Command coalispr init requests input from the user in two steps: First, to give the name for their session/experiment (i.e. the value for EXP) and, second, to chose a work-directory to place a config folder with configuration input files 2_shared.txt and 3_EXP.txt.

The provided name (“ExpSessionName”) in the first step will replace “EXP” in 3_EXP.txt when setting up the work-environment for Coalispr. During the second step, the user is presented with three choices where the config folder should be placed:

1: home, in their home folder (within a new directory Coalispr),
2: current, in the current directory (within a new folder Coalispr),
3: source, in the Coalispr installation folder next to coalispr (with python source-code) and docs (with documentation).

Option 2: current helps to choose another folder, say nearby the data-files: in the terminal change directory to this location before running init.

A Coalispr work-folder with the config directory will be created [8] when chosing either 1: home or 2: current.

The chosen work-folder will also be set in in the 3_ExpSessionName.txt as SAVEIN.

Experiment/session-linked configuration also allows to define a separate look and feel by changing 2_shared.txt.

The generated config folder contains files for editing, while the Experiment file could be put there by the user. Other folders are created next to config for storing output from the program, like figures and logs. In data processed bedgraph and tsv files will be placed.

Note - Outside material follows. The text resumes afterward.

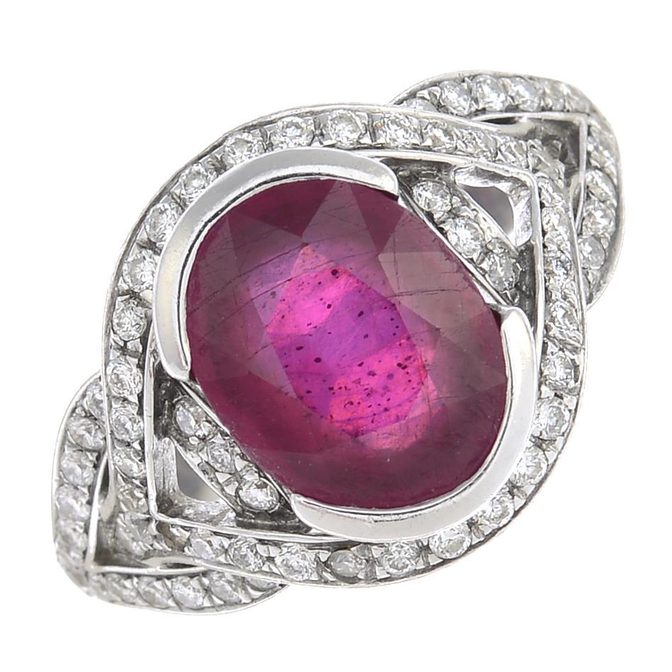 A ruby and diamond ring.One diamond deficient Estimated

Before attempting to run the next Coalispr command, coalispr setexp, make sure that the 3_ExpSessionName.txt has been edited so that the bedgraph data of interest can be found as well as the associated Experiment file (EXPFILE) and that the latter contains the expected FILEKEY, SHORT, CATEGORY and, depending on the dataset, GROUP, METHOD or CONDITION columns.

`setexp`¶

The coalispr setexp -e EXP command defines the experiment/session (-e) ‘EXP’ for which subsequent commands will be valid. In this step the coalipr.py configuration file gets set, which will be used from then on. That can be for a coalispr command in the same or another terminal. Thus, if in one terminal Coalispr for a “Jec21” experiment is run and in another terminal for “H99” data, each session will follow the latest setexp setting. Thus, when multiple sessions are open, make sure to reset the experiment: run setexp for each session before any other command in that session.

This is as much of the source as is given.